Description
This Twice-Baked Potatoes recipe features large russet potatoes baked until tender, scooped and mashed with butter, sour cream, cheddar cheese, bacon, green onions, and seasonings, then baked again to golden perfection. It’s a creamy, comforting side dish with a deliciously cheesy and savory filling, perfect for any occasion.
Ingredients
Scale
Potatoes
- 4 large russet potatoes
Seasoning and Coating
- Olive oil, for rubbing
- Salt, to taste
- Black pepper, to taste
Filling
- 4 tablespoons butter
- ½ cup sour cream
- 1 teaspoon garlic powder
- ½ teaspoon salt, or to taste
- ½ teaspoon black pepper, or to taste
- 1 cup shredded cheddar cheese, divided
- 6 slices cooked and crumbled bacon, divided
- ¼ cup chopped green onions, divided
Instructions
- Preheat and prepare potatoes: Preheat your oven to 400°F (200°C).
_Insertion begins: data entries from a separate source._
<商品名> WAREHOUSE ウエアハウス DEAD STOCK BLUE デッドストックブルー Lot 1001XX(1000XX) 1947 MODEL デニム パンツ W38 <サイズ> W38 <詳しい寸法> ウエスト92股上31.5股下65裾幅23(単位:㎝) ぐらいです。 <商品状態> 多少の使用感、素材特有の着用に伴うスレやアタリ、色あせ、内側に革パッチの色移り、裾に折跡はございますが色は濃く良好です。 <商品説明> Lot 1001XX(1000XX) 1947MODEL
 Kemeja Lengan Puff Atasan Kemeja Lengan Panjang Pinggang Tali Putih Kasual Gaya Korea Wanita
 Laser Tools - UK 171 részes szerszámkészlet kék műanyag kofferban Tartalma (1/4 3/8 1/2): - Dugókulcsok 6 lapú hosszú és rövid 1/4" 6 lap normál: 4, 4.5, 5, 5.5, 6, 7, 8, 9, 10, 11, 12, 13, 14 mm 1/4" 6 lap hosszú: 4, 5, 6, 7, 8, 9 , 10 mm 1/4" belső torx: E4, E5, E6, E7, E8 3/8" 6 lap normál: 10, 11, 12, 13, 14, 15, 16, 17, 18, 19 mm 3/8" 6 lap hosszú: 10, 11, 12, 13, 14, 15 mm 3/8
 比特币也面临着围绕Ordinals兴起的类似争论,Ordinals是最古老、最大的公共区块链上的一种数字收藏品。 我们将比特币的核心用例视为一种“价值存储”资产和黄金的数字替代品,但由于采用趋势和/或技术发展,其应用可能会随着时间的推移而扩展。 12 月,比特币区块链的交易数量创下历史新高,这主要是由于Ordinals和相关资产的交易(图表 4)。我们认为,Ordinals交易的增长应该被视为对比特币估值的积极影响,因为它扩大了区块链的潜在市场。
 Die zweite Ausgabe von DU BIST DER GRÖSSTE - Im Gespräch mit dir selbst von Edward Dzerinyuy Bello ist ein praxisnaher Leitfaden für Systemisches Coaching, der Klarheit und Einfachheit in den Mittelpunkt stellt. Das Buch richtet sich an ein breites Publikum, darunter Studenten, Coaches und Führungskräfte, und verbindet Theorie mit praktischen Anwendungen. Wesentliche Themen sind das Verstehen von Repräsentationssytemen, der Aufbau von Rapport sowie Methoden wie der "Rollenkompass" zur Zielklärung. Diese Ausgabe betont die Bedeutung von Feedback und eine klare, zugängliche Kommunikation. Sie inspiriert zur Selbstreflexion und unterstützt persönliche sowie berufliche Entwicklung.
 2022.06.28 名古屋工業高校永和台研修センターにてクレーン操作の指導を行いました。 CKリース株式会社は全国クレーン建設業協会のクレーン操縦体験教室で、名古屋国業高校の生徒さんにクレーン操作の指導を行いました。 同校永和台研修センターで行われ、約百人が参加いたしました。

Scrub the potatoes clean under running water, dry them thoroughly, then rub each potato evenly with olive oil, salt, and pepper to season the skins.
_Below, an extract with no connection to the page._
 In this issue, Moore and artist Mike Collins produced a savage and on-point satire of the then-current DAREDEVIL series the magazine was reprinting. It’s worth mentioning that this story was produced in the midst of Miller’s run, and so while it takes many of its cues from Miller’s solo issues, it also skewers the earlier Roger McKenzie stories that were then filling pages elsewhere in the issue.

- Bake the potatoes: Place the potatoes on a baking sheet. Bake in the preheated oven for 55 to 60 minutes until the potatoes are fork tender and easily pierced with a fork. Remove them from the oven and allow them to cool just enough to handle safely.
- Scoop and mash the filling: Slice each potato lengthwise in half. Carefully scoop out the insides into a large mixing bowl, leaving a thin shell of potato to maintain the skin’s structure. Mash the scooped potato with butter, sour cream, garlic powder, salt, and pepper until the mixture is smooth and creamy.
- Mix in fillings: Fold half of the shredded cheddar cheese, half of the crumbled bacon, and half of the chopped green onions into the mashed potato mixture until well combined.
- Refill the potato shells: Spoon or pipe the creamy potato filling back into the potato shells evenly. Sprinkle the remaining shredded cheddar cheese over the tops of each filled potato half.
- Bake again to finish: Return the filled potatoes to the oven and bake for an additional 15 to 20 minutes, or until the cheese topping has melted and turned golden brown.
- Garnish and serve: Remove the potatoes from the oven, garnish with the remaining crumbled bacon and chopped green onions, and serve warm.
Notes
- Add a splash of heavy cream to the mashed potato mixture for extra creaminess.
- Substitute Greek yogurt for the sour cream for a tangier flavor.
- Use pepper jack cheese instead of cheddar for a spicy twist.